```yaml
---
name: drizzle-neon
description: "Add a PostgreSQL database with Drizzle ORM to a Scaffold-ETH 2 project. Use when the user wants to: add a database, use Drizzle ORM, integrate Neon PostgreSQL, store off-chain data, build a backend with database, or add persistent storage to their dApp."
---
```

# Drizzle ORM + Neon PostgreSQL Integration for Scaffold-ETH 2

## Prerequisites

Check if `./packages/nextjs/scaffold.config.ts` exists directly in the current working directory (do not search subdirectories). If it doesn't exist, this is not a Scaffold-ETH 2 project. Follow the instructions at https://docs.scaffoldeth.io/SKILL.md to scaffold it first. If it exists, continue directly with building.

## Overview

[Drizzle ORM](https://orm.drizzle.team/) is a TypeScript ORM for SQL databases with a type-safe query builder. [Neon](https://neon.tech/) is a serverless PostgreSQL platform. This skill integrates both into SE-2, with a smart database client that auto-detects the environment (local Postgres via Docker, Neon serverless, or Neon HTTP) and uses the optimal driver.
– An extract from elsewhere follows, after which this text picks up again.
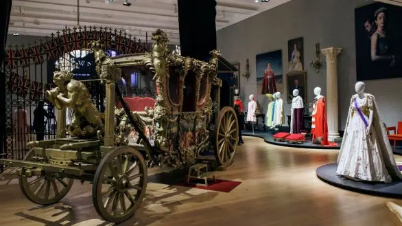 De la réplica del majestuoso carruaje encargado por el rey Jorge III en 1760 a la entrada del número 10 más famoso de Londres, el de Downing Street, pasando por cuadros y vestidos que ambientan el reinado de Isabel II (1926-2022), más de 450 artículos están a la espera de encontrar un nuevo hogar.

For Drizzle API reference beyond what's covered here, refer to the [Drizzle docs](https://orm.drizzle.team/docs/overview). For Neon specifics, see the [Neon docs](https://neon.tech/docs). This skill focuses on SE-2 integration patterns and the tri-driver architecture.

## Dependencies & Scripts

### NextJS package

Add to `packages/nextjs/package.json`:

```json
{
  "scripts": {
    "db:seed": "tsx services/database/seed.ts",
    "db:wipe": "tsx services/database/wipe.ts",
    "drizzle-kit": "drizzle-kit"
  },
  "dependencies": {
    "@neondatabase/serverless": "^1.0.0",
    "dotenv": "^17.0.0",
    "drizzle-orm": "^0.44.0",
    "pg": "^8.16.0"
  },
  "devDependencies": {
    "@types/pg": "^8",
    "drizzle-kit": "^0.31.0",
    "drizzle-seed": "^0.3.0",
    "tsx": "^4.20.0"
  }
}
```

### Root package.json scripts

```json
{
  "drizzle-kit": "yarn workspace @se-2/nextjs drizzle-kit",
  "db:seed": "yarn workspace @se-2/nextjs db:seed",
  "db:wipe": "yarn workspace @se-2/nextjs db:wipe"
}
```

### Environment variables

Create `packages/nextjs/.env.development`:

```env
POSTGRES_URL="postgresql://postgres:mysecretpassword@localhost:5432/postgres"
```

Also add `POSTGRES_URL=` to `packages/nextjs/.env.example`.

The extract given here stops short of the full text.